A year later Weisbrod died, and Bub took over as manager.
A year after that he married Weisbrod‘s widow and named the brewery after himself.
The next year the place burned down.
A thirsty city watched with eager interest as a new brewery went up in the shadow of Sugarloaf and gleefully toasted its reopening so often that output increased 20-fold -- from 500 to 10,000 barrels a year.
To find room to age this flooding river of lager, Bub looked below his feet and set to work burrowing into the solid rock at the base of the hill. For centuries, European brewmasters had aged beer in caves where the constant cool temperatures brought the brood to the peak of drinkability.
Not having a cave handy, Bub built not one, but six, each about 25 feet by 50 feet with a steady year-round temperature of 45 degrees.
In 1911, Bub -- the man who made it fun to be thirsty -- died.
His son-in-law took over the business, and would continue the family tradition until he died in 1941.
Prohibition was a great inconvenience to America's brewers, Bub's among them. For 13 years the brewery below Sugarloaf hill made soda pop and turned out beer without the alcohol.
The law of supply and demand being what it is, other enterprising individuals manufactured the alcohol -- with illegal steals in the dark of the night -- and left it up to the patrons of soft drink parlors throughout the city to surreptitiously marry the near-beer and moonshine to get them through 13 hot, dry summers.
After prohibition was repealed in 1933, Bub's went back to making beer -- and made it more convenient for thirsty people with places to go by putting the beer in bottles.
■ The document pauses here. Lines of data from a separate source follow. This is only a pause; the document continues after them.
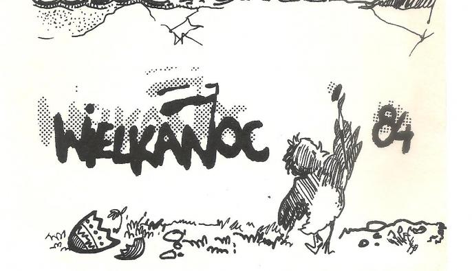 Dziś, w związku z zbliżajacymi się Świętami Wielkanocnymi przypominamy naszym Czytelnikom świateczne kartki pocztowe produkowane i kolportowane w Koninie w 1984 roku przez podziemną Solidarność.
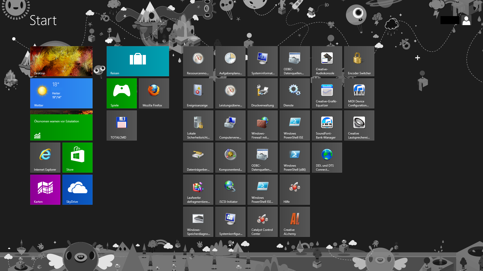Man kann ja nicht mal seine Kacheln umbenennen. Das hat den genialen Effekt, dass Programme wie Dateien heißen. Dank der "Übersicht" ist auch die Schriftgröße gewachsen, man kann alles prima lesen - wenn nicht jede zweite Beschriftung mit "..." abgekürzt werden muss. Die Nachrichten-App ist ja auch toll. Eine wilde Auswahl von vorausgesuchten Quellen die man nicht löschen kann. In der Wetter-App kann man nicht in Ruhe scrollen, ohne mit der Maus über die "stündliche Vorhersage" zu kommen, wo es dann nämlich automatisch RUNTERscrollt. Außerdem kann ich da noch nicht mal wie auf dem Metro-Hauptscreen die verschiedenen Orte-Kacheln herumschieben.
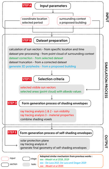 This section focuses on translating the raw datasets into a simulation model by examining three main steps (i.e., dataset preparation, selection criteria, and form generation process of shading envelopes). Each step serves specific actions that are performed sequentially based on specific computational tasks. As illustrated in Figure 1, this section adopts several workflows that are partially implemented from previous works. For example, pre-processing point cloud datasets and the calculation of material properties (i.e., albedo values) are indicated with a green text [67]. These works focused on developing a material database of existing contexts and solar radiation analysis based on a small sample of point cloud data. Next, 3D polyhedra and sun visibility analysis are illustrated in the blue text [49,50]. These works primarily investigated a voxel-based generative design of subtractive solar envelopes based on 3D and parametric modeling. Last, the ray-tracing analysis between a proposed building and point cloud data of surrounding contexts is illustrated in the red text [56]. This work refers to a form generation of subtractive solar envelopes that consider surface properties of existing contexts based on geometric and radiometric information of point cloud data. While these previous works address different objectives, some features are still relevant for supporting an integrated design concept and computational workflow for establishing the subtractive shading envelopes.
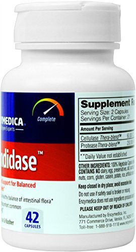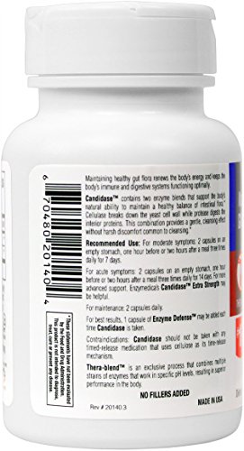 -. Binding : Health and Beauty -. Brand : Enzymedica -. Feature : THE BALANCE YOU'RE MISSING: Maintaining healthy gut flora is crucial to overall health, as it renews the body's energy and keeps the immune and digestive systems functioning optimally. When intestinal flora are balanced, yeast levels are kept in check and occasional discomforts such as digestion issues, sugar cravings, irritability, fatigue and poor memory can be avoided. / ENZYMES TO THE RESCUE: Candidase contains two enzyme blends that support the body's natural ability to maintain a healthy balance of intestinal flora, in turn promoting balanced candida levels. Cellulase breaks down the yeast cell wall while protease digests the interior proteins. This combination provides a gentle, cleansing effect without harsh discomfort common to cleansing. / EXCLUSIVE THERA-BLEND: Candidase contains Thera-blend enzymes. Thera-blend is an exclusive process that combines multiple strains of enzymes that work in specific pH levels, resulting in superior performance in the body. / FREE OF: Rest assured knowing that this product does not contain any egg, dairy, preservatives, salt, sucrose, soy, wheat, nuts, corn, gluten, casein, potato, rice, or any artificial colors or flavors. / QUALITY + EXPERIENCE: Enzymedica was founded in 1998 with the purpose of offering our customers the highest-potency enzyme products possible. Our goal of educating people about the importance of enzymes in overall health is what motivates Enzymedica. All of our products are made from only the highest quality enzymes and contain absolutely no fillers to ensure purity. Every product is 100% vegetarian, and we seek out vegan and Kosher ingredients whenever possible. -. ProductGroup : Health and Beauty -. ProductTypeName : HEALTH_PERSONAL_CARE -. Title : Enzymedica - Candidase, Complete Support for Balanced Yeast Levels, 42 Capsules
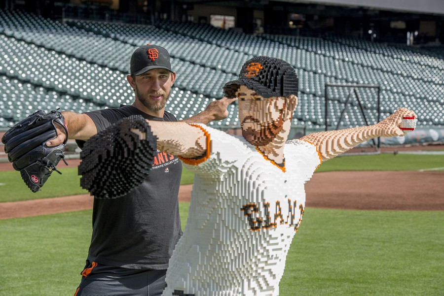 Read moreSan Francisco Giants pitcher Madison Bumgarner checks out his life-size LEGO likeness at the mound before the game at AT&T Park in San Francisco, on July 30, 2016. Made from more than 36,000 bricks, the model took LEGO Master Builders 300 hours to design and build. #
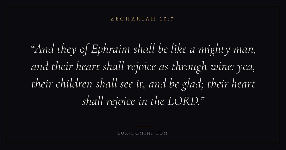 And they of Ephraim shall be like a mighty man, and their heart shall rejoice as through wine: yea, their children shall see it, and be glad; their heart shall rejoice in the LORD.
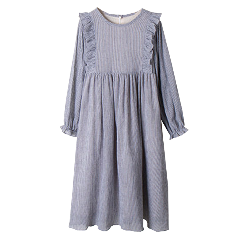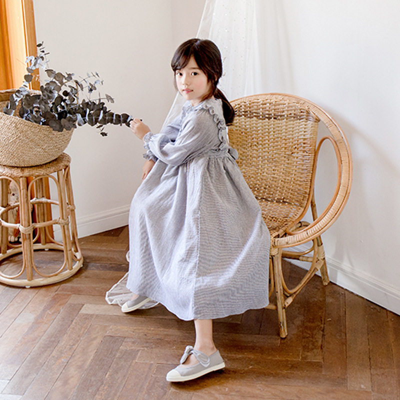 Girl 2022 Spring and autumn Korean version Little fresh and sweet floral side striped long sleeve doll dress female baby Long version of the dress
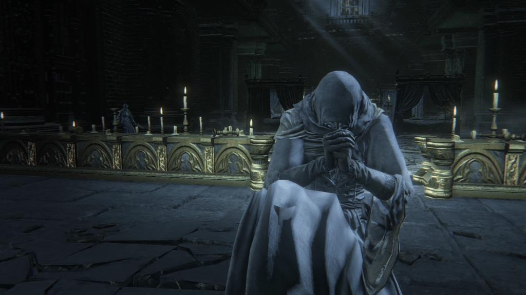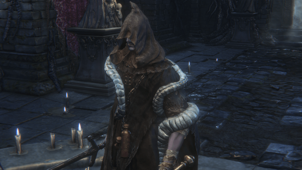 To that end, Yharnam’s new hunter returned to fulfill his divine calling. As if the cavalry had arrived, the “knight” would swoop in and save many an apprentice to Gehrman struggling against former sibling disciples. And now with public proof of his new hunting style’s effectiveness, Ludwig reached out to Yharnam’s citizens for recruits, which probably wasn’t too hard. The former scholar was styling himself as something of a prophet, a man who could credibly claim to have received power and guidance from the gods this cloistered city still worshiped. That religious framing was sure to inspire even the instinctively suspicious Yharnamites to join in a foreigner’s holy crusade against the beasts. Since the “Healing Church” hadn’t yet been established, these new hunters were being outfitted in garb not too different from other old workshop attire; its origin there explains why we can purchase it from the bath messengers in the Hunter’s Dream from the moment we arrive.
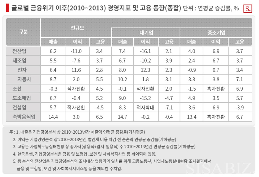 한국경영자총협회가 2일 발표한 '글로벌 금융위기 이후 대·중소기업 경영지표와 고용동향 분석' 보고서에 따르면, 국내 기업들은 글로벌 금융위기 이후인 2010~2013년 사이 순이익이 연평균 11.0% 감소하는 동안 고용은 연평균 3.4% 늘어났다. 같은 기간 매출은 6.2% 증가했다.

Prior to prohibition, Bub's beer was sold only in kegs, but during the country's long dry spell, Bub's installed bottling equipment for pop and near-beer. After repeal Bub's simply ran its traditional product through the equipment when production resumed.
Bub's survived prohibition, but many other small brewers did not. Annual production reached a peak of 30,000 barrels, but Bub's, like other local and regional brewers throughout the country, found it ever more difficult to compete with the brewing conglomerates.
Bub's final blow came with the passage of the Occupational Safety and Health Act. Applying OSHA standards to the venerable brewery posed a financial challenge the brewer couldn’t overcome.
In 1969, 100 years after Peter Bub brought his first batch of beer to Winona, Bub's taps went dry for good.